Здесь у Старика есть все, о чем только может мечтать библиофил‑старьевщик, и даже больше. Особенно много трактатов по черной магии, в основном пражских изданий. Впрочем, не уверен, что от этих пыльных старинных фолиантов есть какая‑то польза.
Но имеются и стоящие вещи. На средних полках, куда старику удобнее всего дотягиваться, сидя на кресле‑каталке. Здесь настоящие черные псалтыри. Всего на двух полках. Не так много, как мне хотелось бы. Каждый черный псалтырь, вставший на эти полки, это теплое напоминание о том, что еще одна из этих чертовых сук — из действительно опасных чертовых сук! — больше никогда не будет приносить жертвы под винторогой мордой.
Были и вовсе уникальные — вроде «Malleus Maleficarum».
То есть оба. И та подделка, которая выдается за «Malleus Maleficarum».[1] Этих «Молотов» даже несколько, разных изданий — на верхних полках, среди прочей старинной макулатуры, от которой почти никакой пользы.
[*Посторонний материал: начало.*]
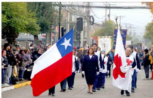
La Cruz Roja de Machalí se hizo presente en el desfile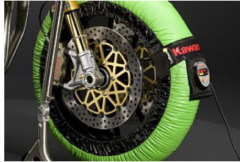
REIFENWÄRMER € 1.376,10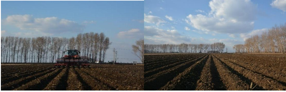
图 6 起垄作业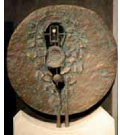
Bronze von Hermann Schilcher (Firma Binder)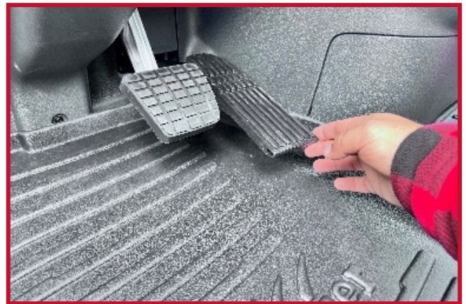
Figura 4: Tapete del conductor en su posición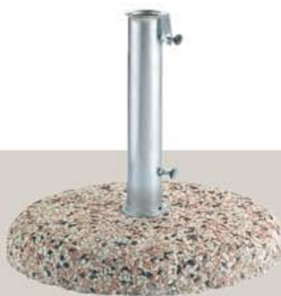
Art. A 1025 βάση τσιμέντου με ψηφίδα, Φ 45cm 28 Kgr. για ιστό Φ 38-48mm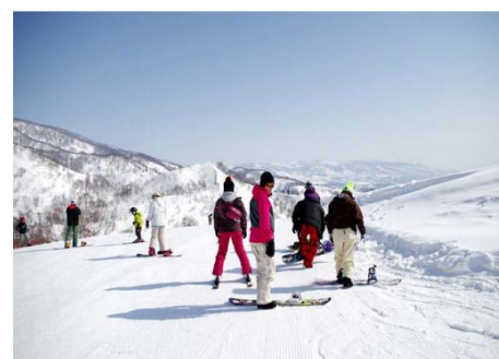
戸狩温泉スキー場 3.6km 車で7分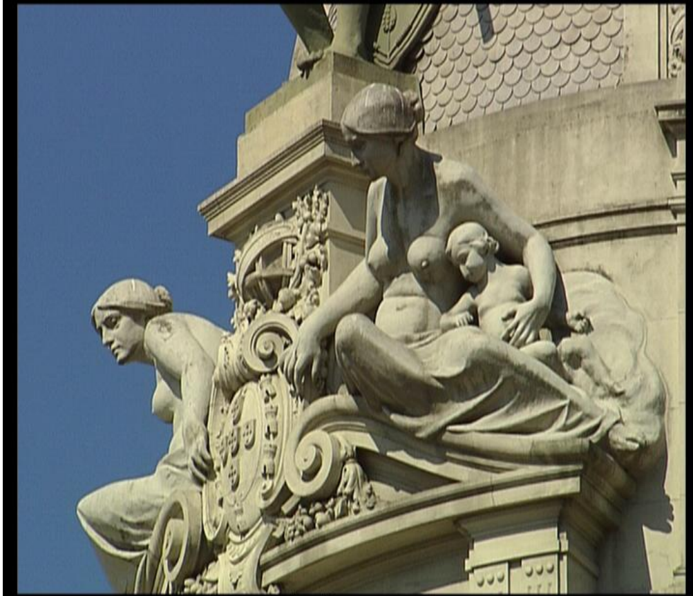
Fig.7– Pormenor Av. Aliados - “Um olhar sobre o Porto”,2006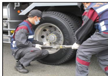
街頭検査の様相（令和2年度）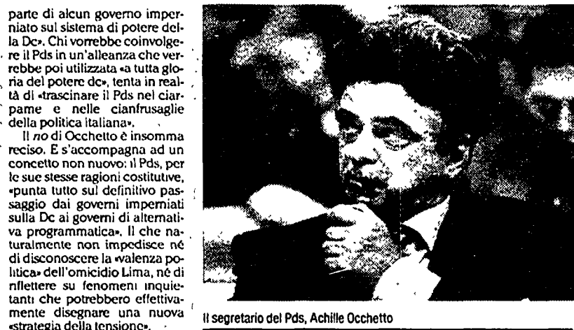
Il segretario del Pds, Achille Occhetto

ROMA. Il piano destabilizzante è già diventato una «paccata» (parola di Andreotti), ma anche grazie a quel «piano» i partiti provano a disegnarne gli scenari futuri, a ipotizzare gli sbocchi del dopo-elezioni.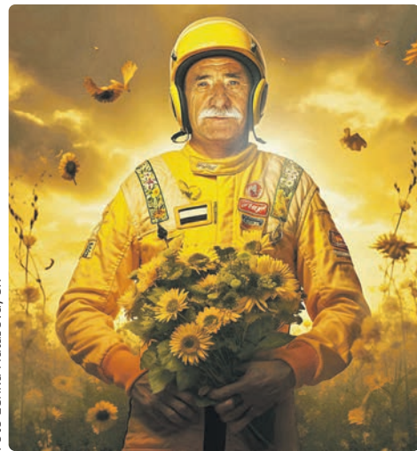
Červen – Pavel Zedníček – Závodník Romantik

Kalendář Proměny se za roky své existence stal sběratelským artefaktem, mezi sběrateli umění a dražiteli kolují i velkoformátové zvětšeniny originálů samotných portrétů, které je i letos možné opět ve prospěch nadace vydražit. Ta si již léta klade za cíl humanizaci dětských zdravotnických zařízení. „Důvod, proč o tohle všechno usiluji je prostý – v nemocnici by se nemělo léčit pouze tělo, ale i obolavělá duše. Pohoda a harmonie jsou přece základním předpokladem fyzického zdraví,“ řekla herečka a zakladatelka projektu Chantal Poullain, jejíž portrét ve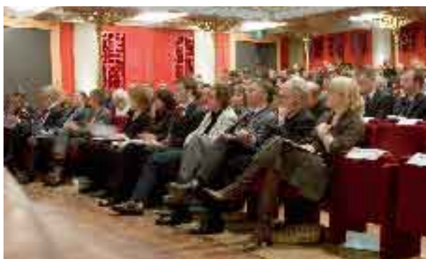
18-11-07 Het goed bezochte congres 'Steden aantrekkelijk, concurrerend en bereikbaar', georganiseerd door de Commissie Stedelijke Distributie en BestuFs.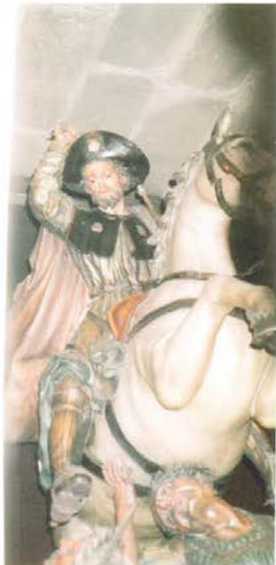
Catedral de Santiago.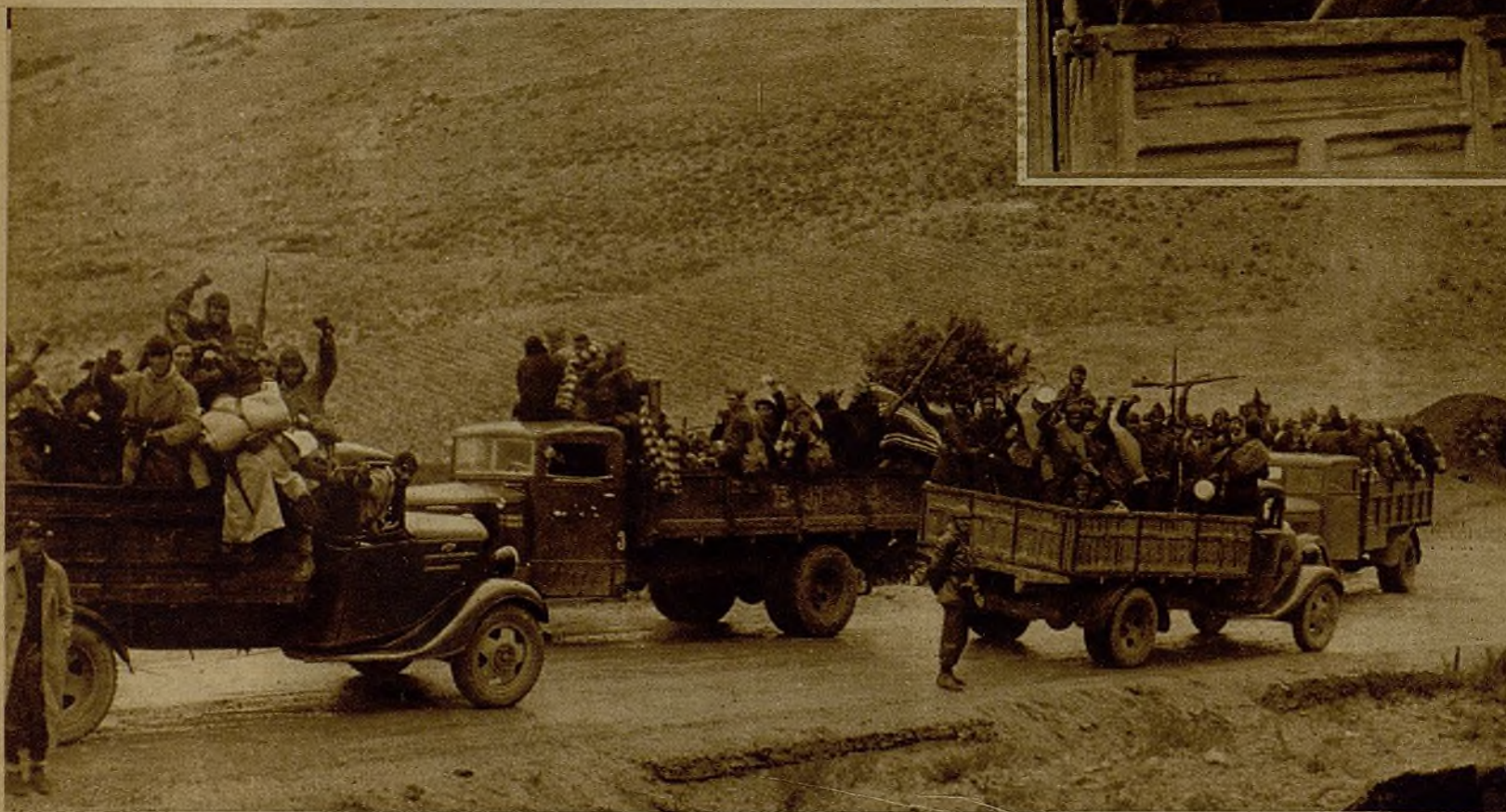
Fuerzas que mar- chan en opuestas di- recciones se encuen- tran y se comuni- can expresiva- mente su entu- siasmo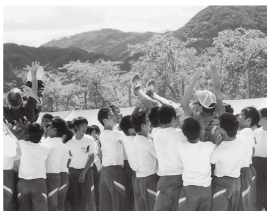
高梁中学校運動会

状況はどうか。 教育長 他校でも児童・生徒が話し合い、保護者と一緒に考えて実践が進んでいる。今後、校長会、PTA連合会と協力し生徒会執行部を交えて各校の取り組みの情報交換を行う。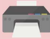
プリンター (A4サイズが印刷できるもの)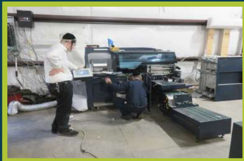
מען פאררעכט איינע פון די מאשינען אין בית הדפוס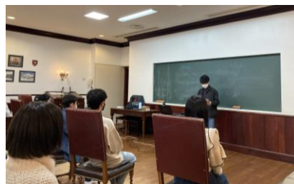
▲ ブリティッシュヒルズでの発表の様子(昨年)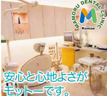
安心と心地よさがモットーです。

しっかり歯を磨いているのに……特に悪いところはないのに……日本人の30歳代の90%以上が歯周病にかかり、40~50歳で歯を失う原因の約50%が歯周病だと言われています。歯周病はなかなか自覚症状が現れないので、気付いたときには手遅れに……歯を支える歯槽骨が溶け、歯が抜け落ちてしまう怖い病気です。歯周病は、細菌による感染症です。細菌は粘着性の強いプラーク(歯垢)を格好のすみかとし歯周病を引き起こします。このプラークは早めに取り除かないと歯の表面や歯周ポケット(歯と歯肉の間の溝)などに強固に付着し、自己流のブラッシングだけでは取り除けなくなってしまいます。そのため、歯科医院での定期検診が必要です。定期的にこのプラークを除去し、歯をクリーニングすることが大切です。歯を失わないために定期検診に行きましょう!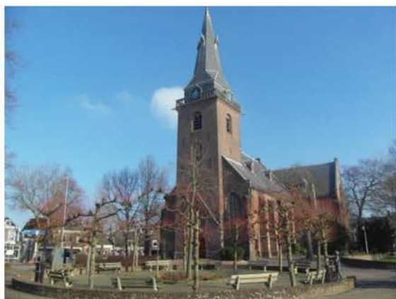
Praatkuil op het kerkplein

Tijdens opgraving/ontgraving is gezocht naar archeologische fondsen of sporen van de vermoedelijke Romeinse Limes. Er zijn geen overblijfselen van de Limes gevonden. Het Kerkplein zal ook opnieuw worden ingericht. Door omwonenden en inwoners van Harmelen is kenbaar gemaakt het jammer te vinden dat de huidige "Praatkuil" zal verdwijnen.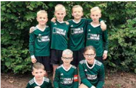
TSV Essel - 2. Platz.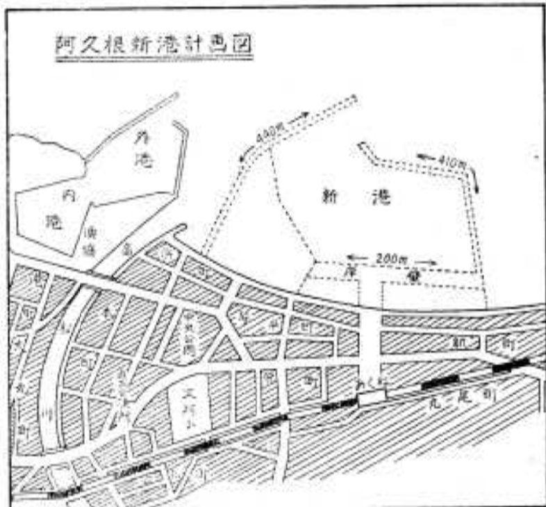
阿久根新港計画図

黒之浜港にも南側の防波堤に、阿久根港の西防波堤にある赤灯台と同じ灯台が、昭和三十八年度中に立つことでしょう。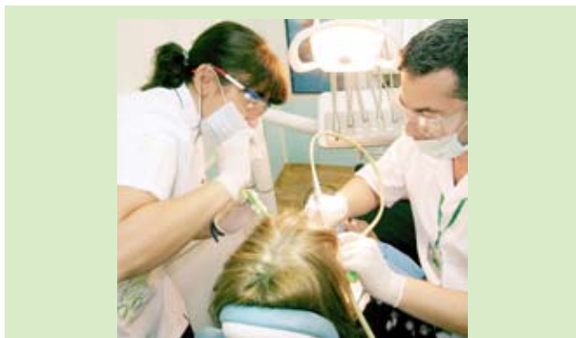
Вынужденная рабочая поза. Ассистент врача-стоматолога находится в вынужденной позе со статической нагрузкой на многие группы мышц

Нами проведен опрос медсестер, работающих ассистентами врача-стоматолога по технологии «в четыре руки» (30 человек), и медсестер, работающих по обычной технологии (30 человек) – табл. 1,2. Опрос проводился методом анонимного анкетирования. Респондентам задавали 43 вопроса, касающихся социального статуса, уровня квалификации, уровня образования, здоровья, условий работы.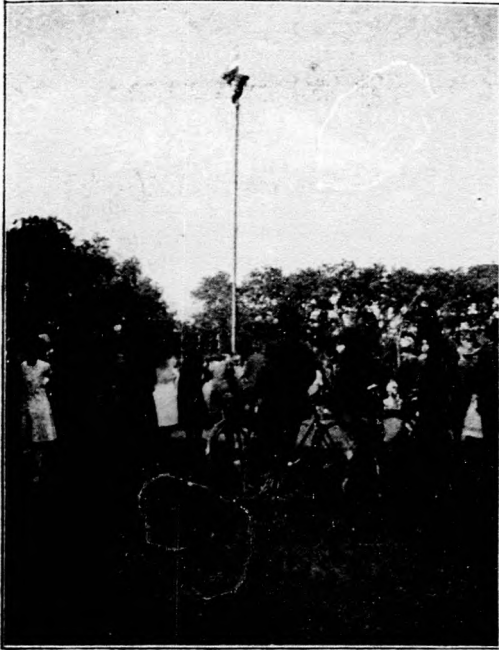
Pózmászás a Tiszakürt-kórhányi Faluszövetség júniálisán. A nyertes a pózna tetején elhelyezett ezüstórárt kapta meg jutalmul.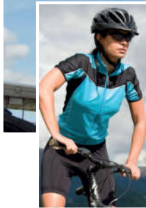
Womens sizes (Page 36)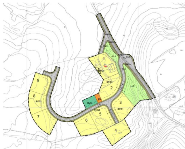
Figur 2 Planområdet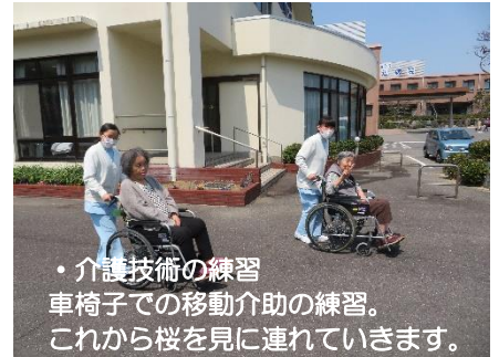
・介護技術の練習 車椅子での移動介助の練習。 これから桜を見に連れていきます。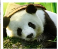
ศูนย์หมีแพนด้า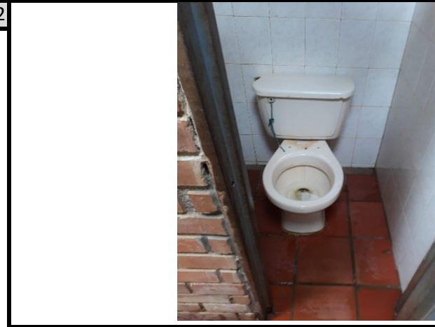
aparatos sanitarios dañados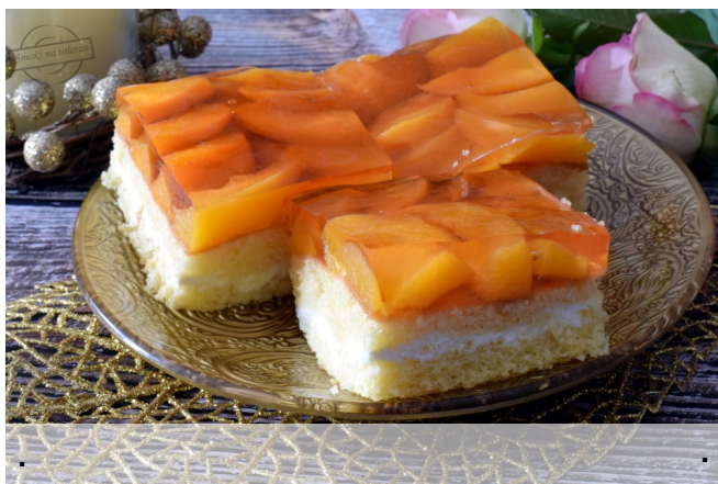
Szybki biszkopt z owocami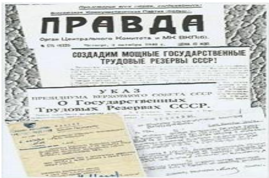
Фото 1. Газета «ПРАВДА» от 2.10.1940

Великая Отечественная война явилась суровым испытанием для новой системы подготовки квалифицированных рабочих, созданной 2 октября 1940 года (фото 1.).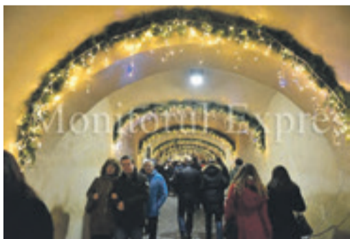
Im Dunklen Gang.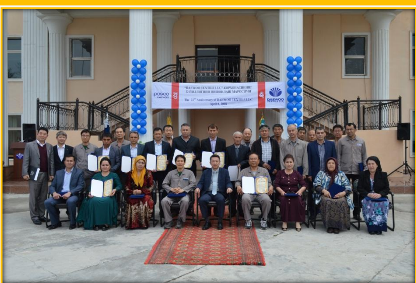
20 йиллик фидокорона хизматлари учун Ташаккурнома билан тақдирланган 18 нафар ходимлар.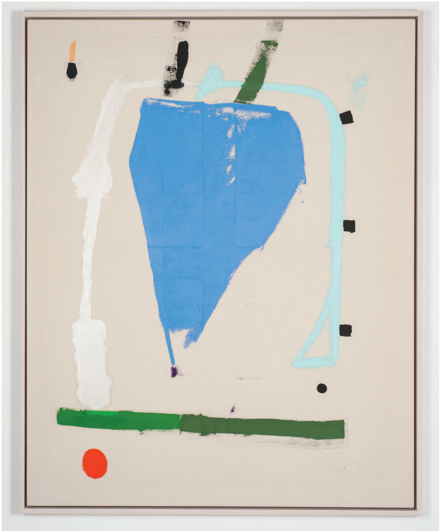
Mason Saltarrelli Summer in Honey Island, 2019 Oil on canvas 118,2 x 95,2 cm (framed)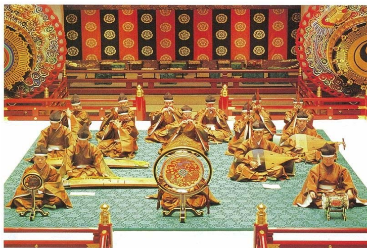
『雅楽（公益財団法人 菊葉文化協会 発行、宮内庁式部職楽部 監修）より抜粋』

『雅楽は、千数百年の伝統を有し、世界で最も古い音楽文化財として貴重な歴史的価値をもつものであり、昭和30年、宮内庁式部職楽部の楽師が演奏する雅楽は国の重要無形文化財に指定され、楽師の全員が重要無形文化財の保持者に認定されております。さらに、平成21年には、ユネスコ無形文化遺産保護条約「人類の無形文化遺産の代表的な一覧表」に記載されました。このように雅楽は、今後伝承されていくべき我が国の伝統文化として国際的にも認知されており、雅楽それ自体が発展し広まるとともに、他の音楽・舞踊に影響を与えていく可能性を有しております。』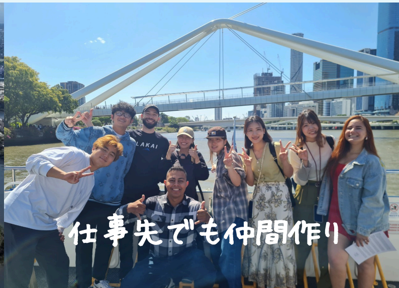
仕事先でも仲間作り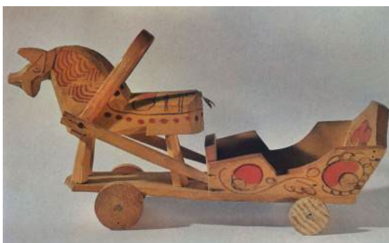
Рис. 11. Коник в упряжи (1930-е годы) 1

К возрожденным промыслам относится и фодосеевская игрушка. Это яркий образец самобытного промысла топорно-щепной игрушки. Простая по форме и конструкции, она отличается незатейливым, но ярким орнаментом. Возникновение данного промысла относится к концу XIX в., а его основателем считается Яков Александров [Прокопьев, 1939, с. 113]. Игрушки изготавливали из деревянной чурки с помощью ножа и топора. Для росписи довоенного времени было характерно использование ярких зеленых и красных цветов. Фон при этом не закрашивался (рис. 11).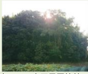
安中11 大王子区竹林 整備事業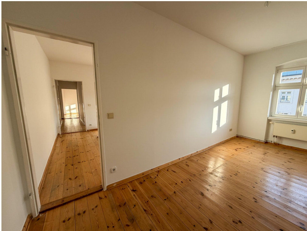
Zimmer 3 / Zimmer 2 / Flur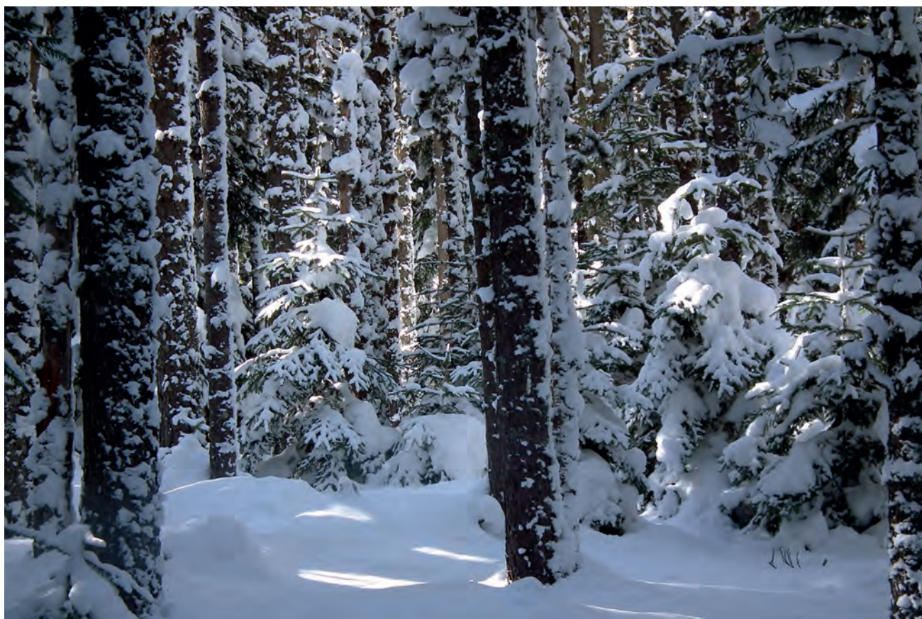
Els boscos de Sant Joan de l'Erm".

de la descoberta de Sant Joan de l'Erm; 34 anys després del treball del 1983 i 31 anys després de la posta en marxa de "Portainé". El treball del 1983 plantejava una suggestiva i econòmica xarxa de 8 estacions d'esquí nòrdic connectades, accessible per carretera des de diverses valls i pobles del Pallars i l'Alt Urgell: la casa forestal de Pallerols, la Basseta, el Port del Cantó, el refugi de les Comes de Rubió, "Port-Ainé", Romadriu - Sant Joan vell, el refugi del Ras de Conques (Ars), les bordes de Civís,... un veritable paradís de l'esquí nòrdic i a l'estiu del ciclisme de muntanya i l'excursionisme familiar. El què comentava al número 372 sobre el "Regional planning" de la Generalitat republicana, que encara no s'ha sabut recuperar perquè avui ni tan sols s'entén.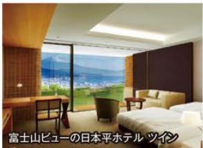
富士山ビューの日本平ホテル ツイン

Но у Старика есть и другой «Malleus Maleficarum» — настоящий. Написанный теми, кто вправду знал, что из себя представляют эти чертовы суки, чем они действительно опасны, а главное — как их бить. Потому что они на самом деле дрались с чертовыми суками…
Дрались до тех пор, пока чаша весов не склонилась в другую сторону. Пока эти чертовы суки не подмяли под себя сначала церковных иерархов, их руками раскурочили инквизицию изнутри, а потом сами стали невидимыми хозяевами всей Европы… А теперь, похоже, и всего мира.
Теперь охотников почти нет. Архивы инквизиции сожгли, вместо них распространили странные якобы пособия для инквизиторов, полные чепухи и бреда, вроде того подложного «Молота». Чтобы даже те немногие, кто соприкоснулся с этими чертовыми суками, но каким‑то чудом вырвался, уцелел, что‑то понял и решил бороться, все равно оказались беспомощны, как слепой котенок. Попытаешься разобраться, что к чему, как с этими чертовыми суками можно бороться, попытаешься найти хоть какие‑то крупицы знания — получишь записки сумасшедших женоненавистников, которые в лучшем случае собьют с толку, а в худшем — запутают так, что сразу же и попадешься…
Я оглядывал все эти ин‑фолио и ин‑кварто с «живыми» обложками, узоры на которых плывут в глазах. Особенно те, на которых узор не просто выгравирован, а набран из разных металлов, как мозаика. Эти сделаны искуснее, и эффект сильнее.
Я пытался отыскать такой же, как видел ночью, но ничего подобного не было.
Разве что… В самом углу, возле крошечного томика «Молота» на старославянском — перевода того исходного, первого «Молота» — стояла большая книга в металлическом переплете, и она…
Я прищурился, приглядываясь. Рисунок похож, те же спирали из шестеренок и ощутимо плывут в глазах, но вовсе не с той сводящей с ума силой, что была у книжки в алтаре. Хотя… Может быть, если развернуть переплет лицом…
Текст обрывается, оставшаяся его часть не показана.